Here, ρ_l represents the density of water, σ is the surface tension of water, μ_l is the viscosity of working fluid, L_eff denotes the effective length, A_wick is the cross-sectional area of the wick, R_eff represents the effective capillary radius, and h_fg is the latent heat of evaporation. Assuming A_wick as the cross-sectional area of the liquid wick structure (Δ_wick × 3 cm) instead of the cross-sectional area of the heat pipe, and taking L_eff as 9 cm, the capillary limit for MWs and CFMWs is calculated as shown in Figure 10. The capillary limit of the CFMWs is 1.2–2.8 times that of the unmodified copper mesh wick. Figure 11 presents the capillary limits of different liquid wick structures. Compared to the composite parallel woven spiral mesh structure, the CFMW structure reduces the thickness by 68% while maintaining the same capillary limit (36 W). The CFMW can provide a significantly higher capillary limit at an ultra-thin thickness, which greatly reduces the thickness of the heat pipe and facilitates the preparation of ultra-thin heat pipes.

4. Conclusions

This study employed an electrochemical deposition method to deposit a series of biomimetic copper forest modified copper mesh wicks on three different specifications of copper mesh (250 mesh, 200 mesh, 150 mesh) for deposition times of 100 s, 120 s, and 150 s, respectively. The morphology characterization and capillary performance testing were conducted on these wicks. For all three copper mesh structures, the capillary performance increased with an increasing deposition time. The ΔP_c·K values of the CFMWs for the three specifications reached 8.44 × 10⁻⁸ N, 6.41 × 10⁻⁸ N, and 8.21 × 10⁻⁸ N, which were 1.7, 1.2, and 1.6 times higher than those of the unmodified MWs. Compared to other wick structures, the ΔP_c·K value of the CFMWs was 2.9 times higher than that of the 450 μm composite parallel woven spiral woven wick at a thickness of 142 μm. Compared to the composite parallel woven spiral woven structure, the CFMW structure reduces the thickness by 68% while maintaining the same capillary limit (40 W).
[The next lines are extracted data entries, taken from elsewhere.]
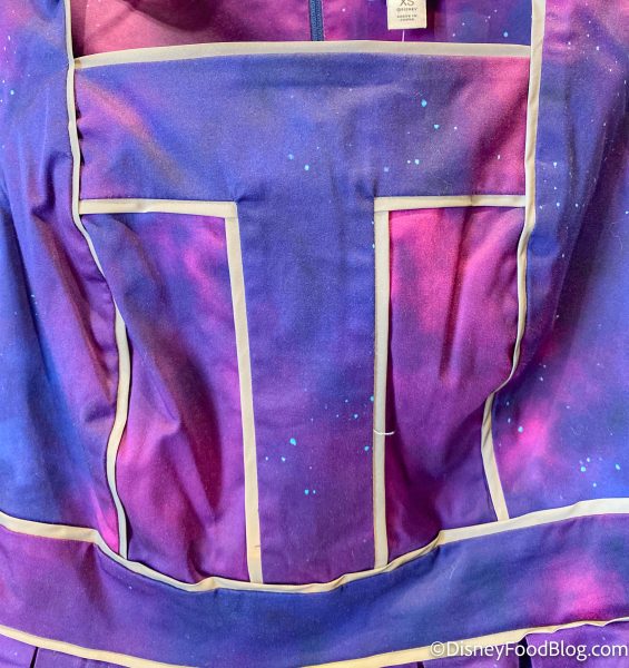 There’s also a Tomorrowland logo on the skirt. We spot all of our favorites — Space Mountain, Tomorrowland Speedway, Astro Orbiter, and even the new TRON coaster ride vehicle!
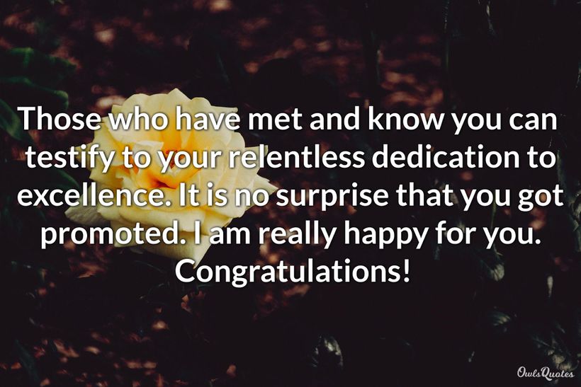 Promotion is a recognition of somebody's hard work. When someone you know gets promoted, a congratulatory message is the least you can do. With these congratulations on promotion messages, you get to do just that in a creative way. By sharing these congratulation messages for promotion with your loved ones, you can be sure of adding to their joy.
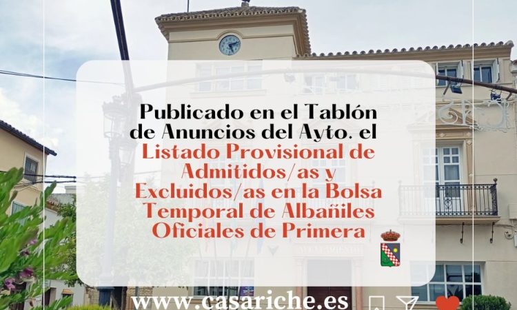 Desde la Delegación de Empleo informamos a todos los vecinos y vecinas de Casariche que ya está disponible, tanto en el Tablón de Anuncios de nuestro Ayuntamiento como en el E-tablón, el Listado Provisional de Admitidos/as y Excluidos/as en la Bolsa Temporal de Albañiles Oficiales de 1ª.
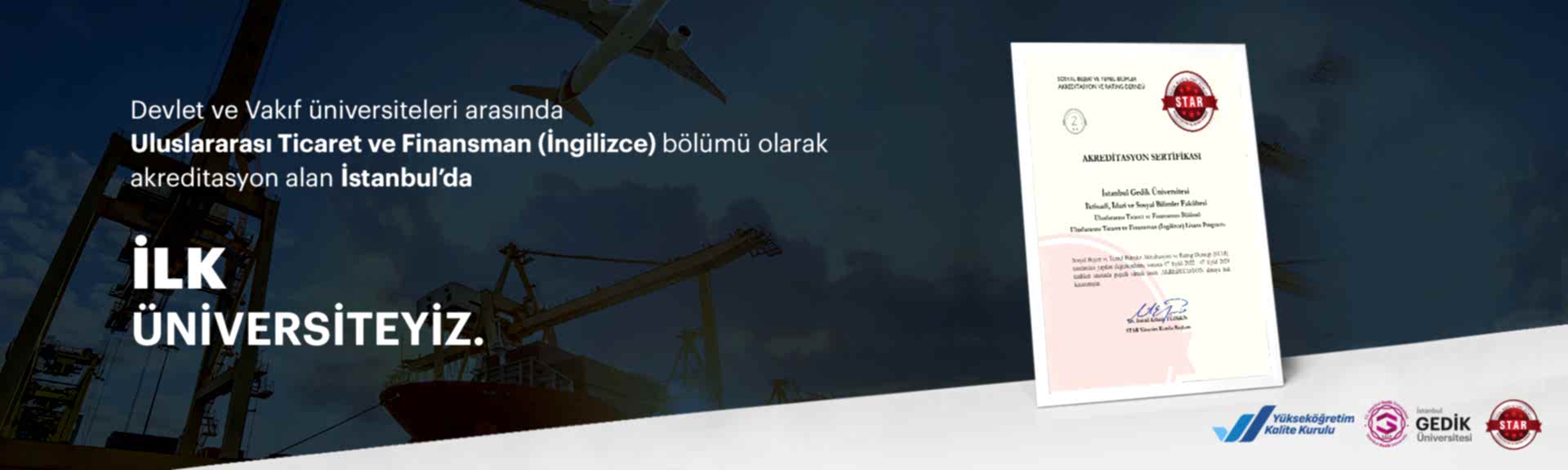 İstanbul Gedik Üniversitesi İktisadi, İdari ve Sosyal Bilimler Fakültesi Uluslararası Ticaret ve Finansman (İngilizce) Bölümü, Yükseköğretim Kurulu Başkanlığı tarafından yetkilendirilmiş olan STAR Sosyal Beşeri ve Temel Bilimler Akreditasyon ve Rating Derneği’ (S.T.A.R) tarafından 07.09.2022-07.09.2024 tarihleri arasında iki (2) yıl geçerli olmak üzere akredite edilerek STAR Akreditasyon Sertifikası almaya hak kazanmıştır.

Analysis of its flow performance characteristics revealed that the deposition of nanoscale copper particles in the form of copper forest structures introduced dendrite and crisscrossing holes that enhanced the capillary action of the wick, and the big pores of the mesh provide the flow path for the liquid. Therefore, copper forest modification can provide a greater capillary force and working fluid replenishment while maintaining the high permeability characteristics of the copper mesh, thus improving its overall capillary performance.